Supplied data
◇ ◇ ◇ ◇ ◇ ◇ ◇
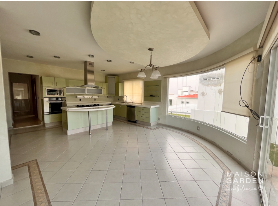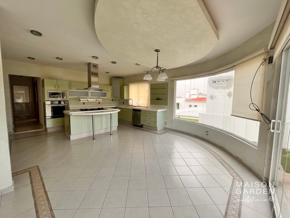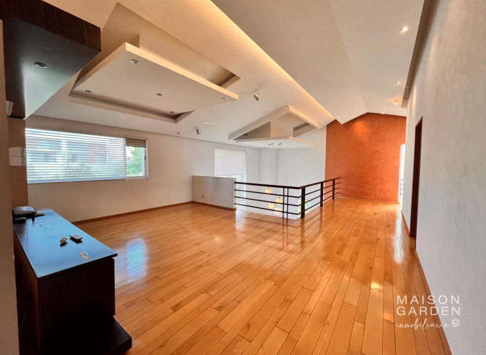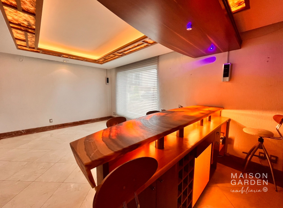 En la planta baja destaca un elegante recibidor, estudio, baño de visitas, clóset de blancos, sala a doble altura, comedor, salón de juegos con bar, amplia cocina con antecomedor y despensa, además de cuarto de servicio, área de lavado y patio de tendido.
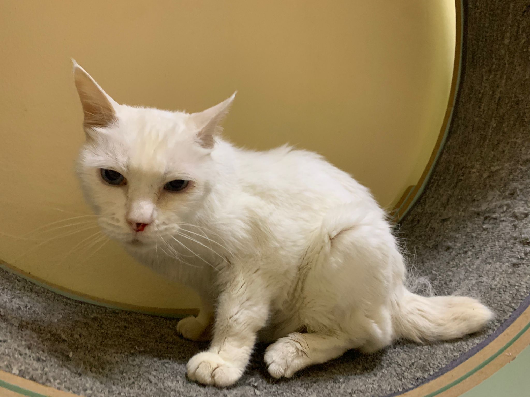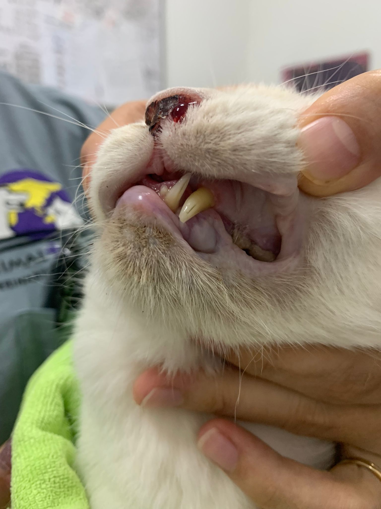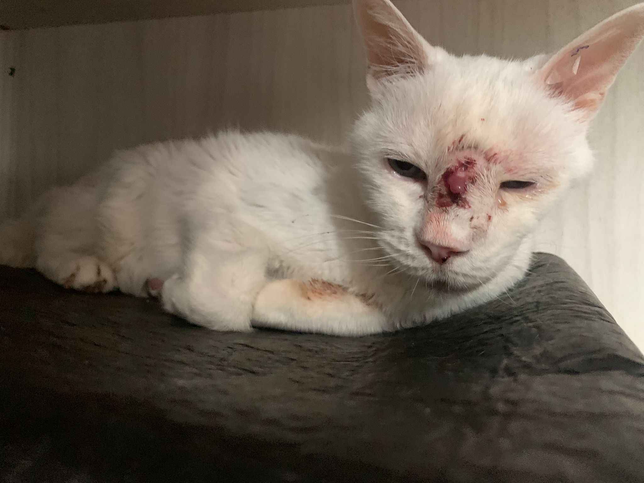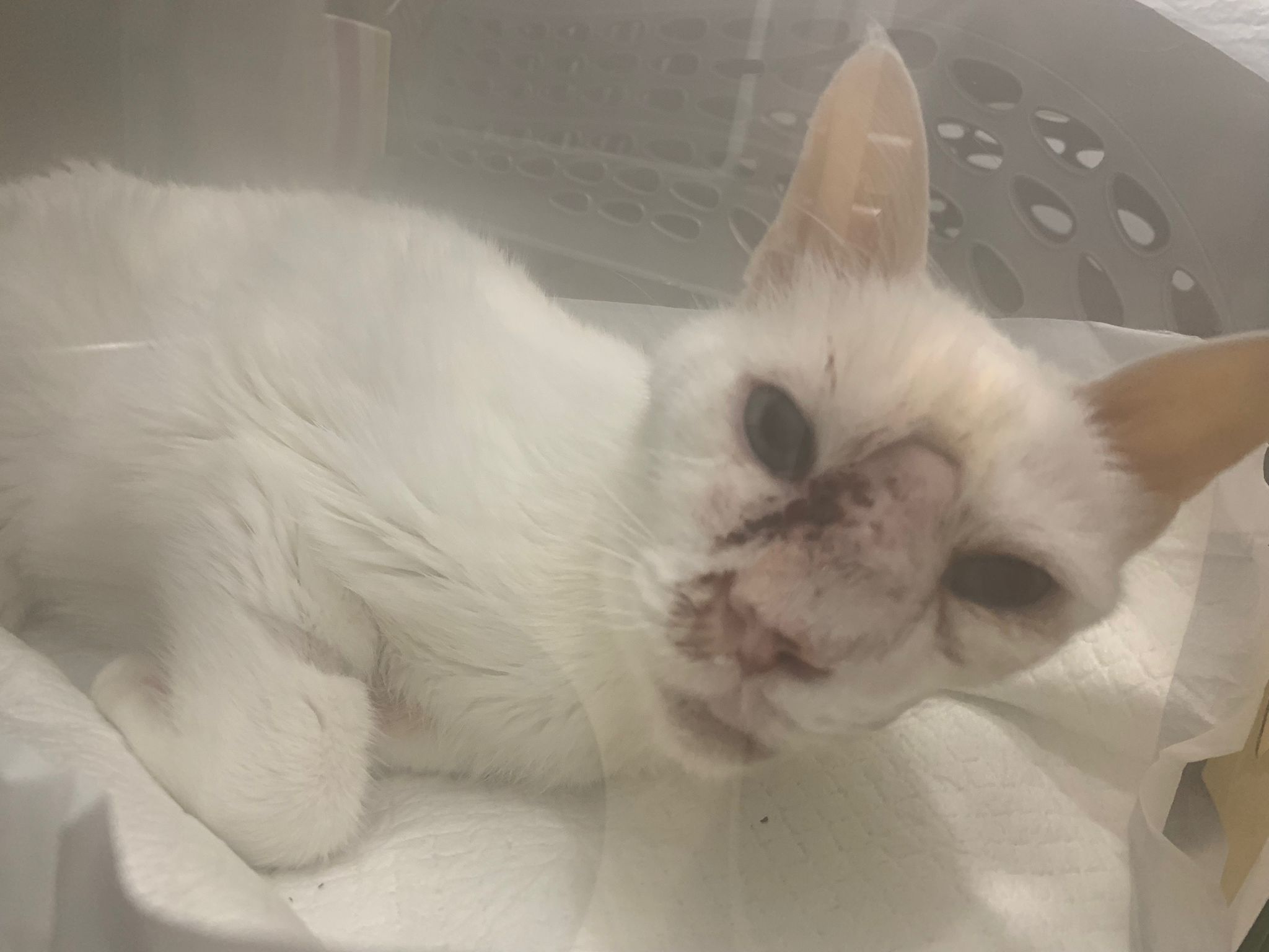 At the clinic, I look into her carrier, like red thread hanging from her left nostril. So much blood come out. Erm will monitor when she start the new treatment plan.
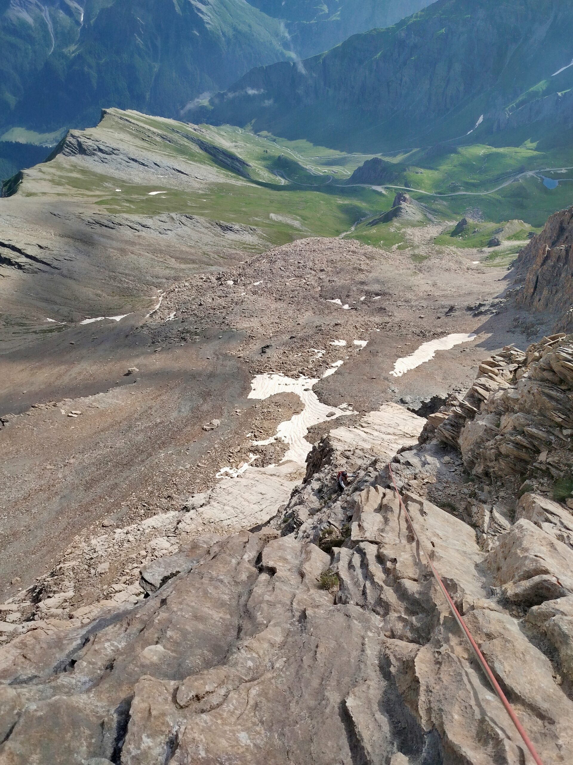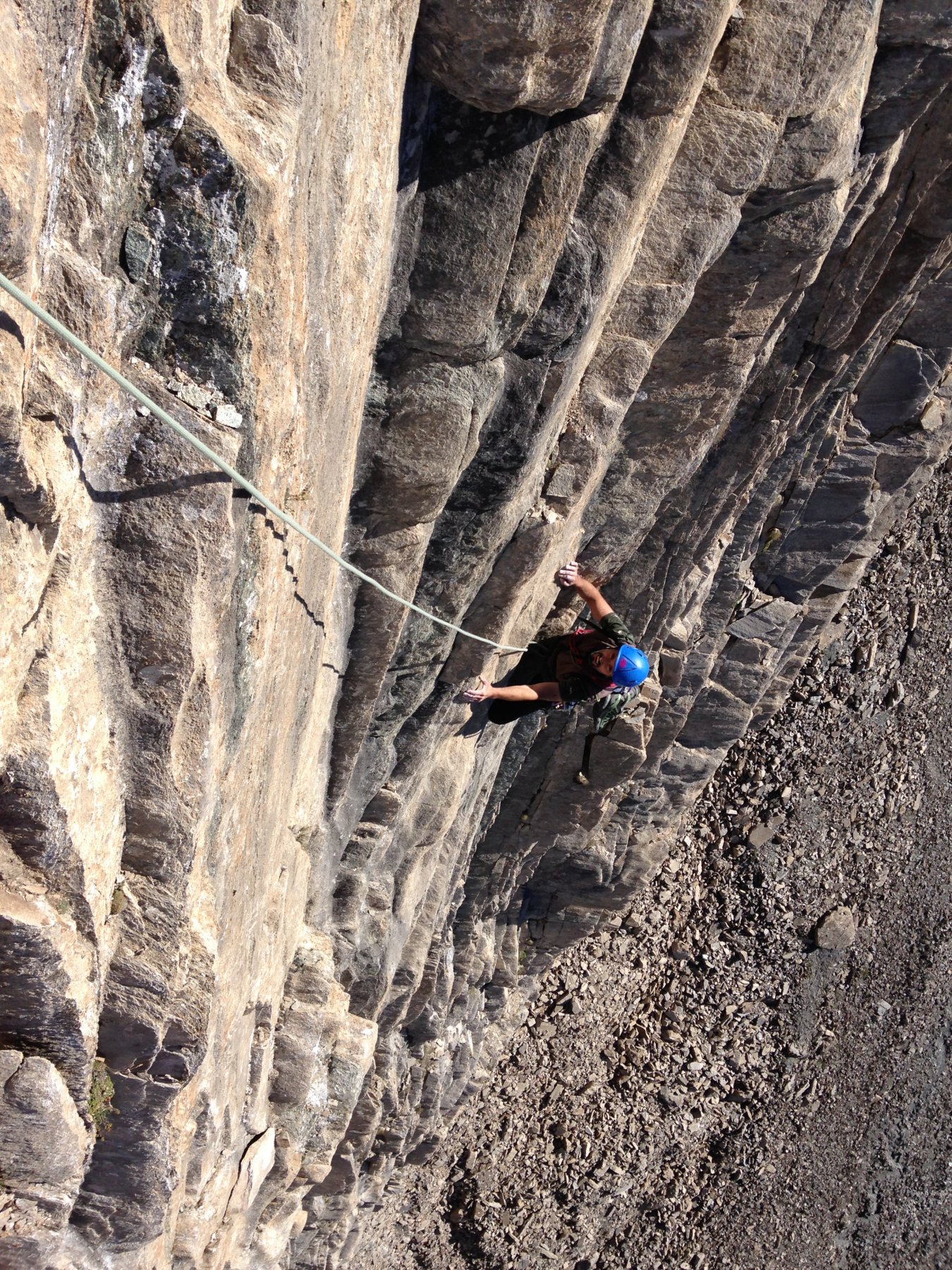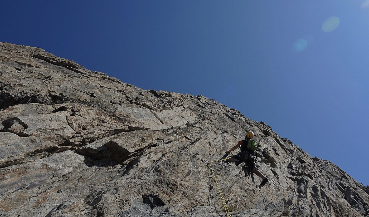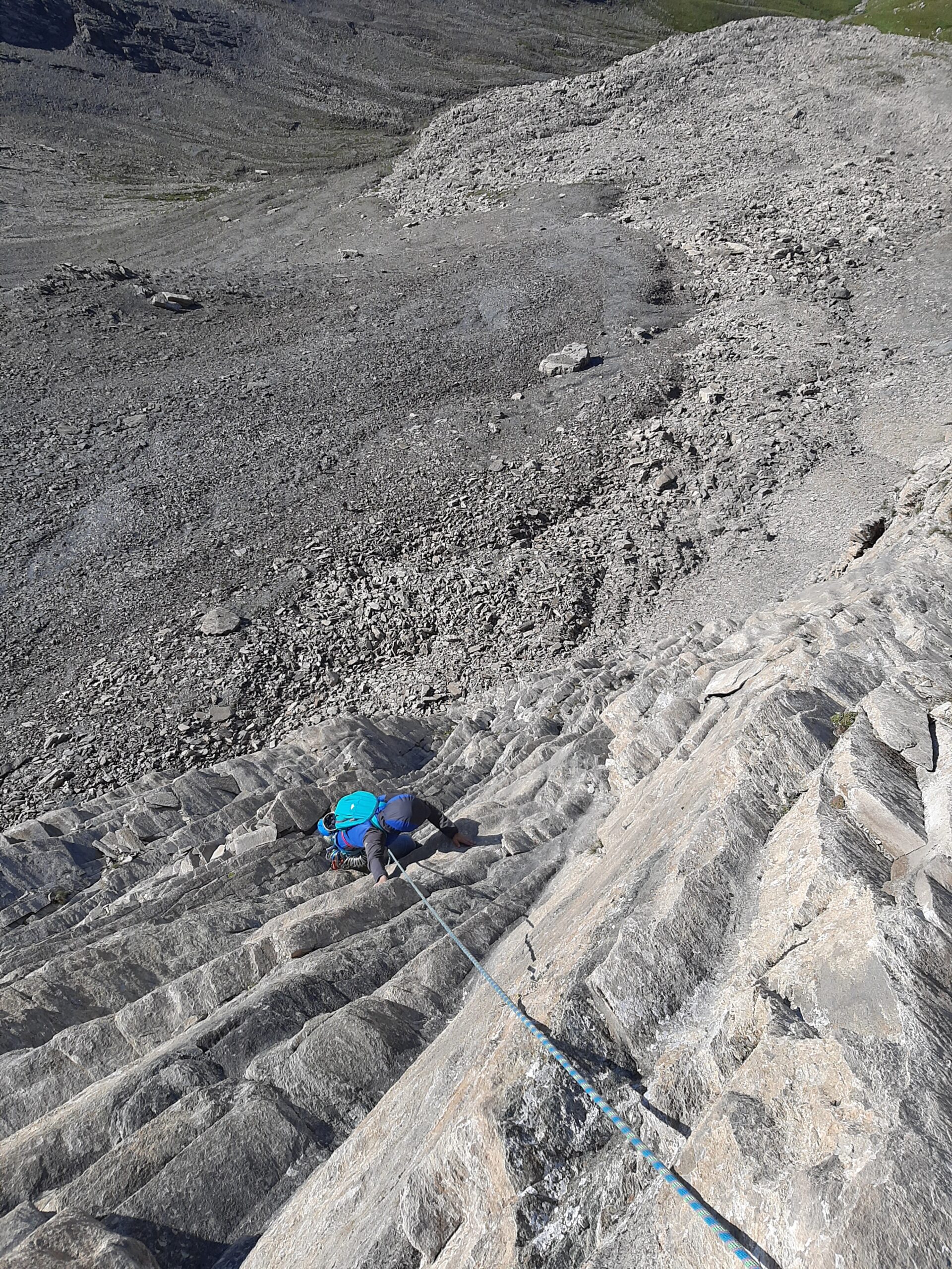 - 2° tiro: sempre obliquando verso destra per diversi metri poi si esce dritti sulla cengia, 5b/c 55/60 metri ,
◇ ◇ ◇ ◇ ◇ ◇ ◇
Work to complete
Exactly repeat the data above; the pictures do not belong in your copy.

Task result
 En la planta baja destaca un elegante recibidor, estudio, baño de visitas, clóset de blancos, sala a doble altura, comedor, salón de juegos con bar, amplia cocina con antecomedor y despensa, además de cuarto de servicio, área de lavado y patio de tendido.
 At the clinic, I look into her carrier, like red thread hanging from her left nostril. So much blood come out. Erm will monitor when she start the new treatment plan.
 - 2° tiro: sempre obliquando verso destra per diversi metri poi si esce dritti sulla cengia, 5b/c 55/60 metri ,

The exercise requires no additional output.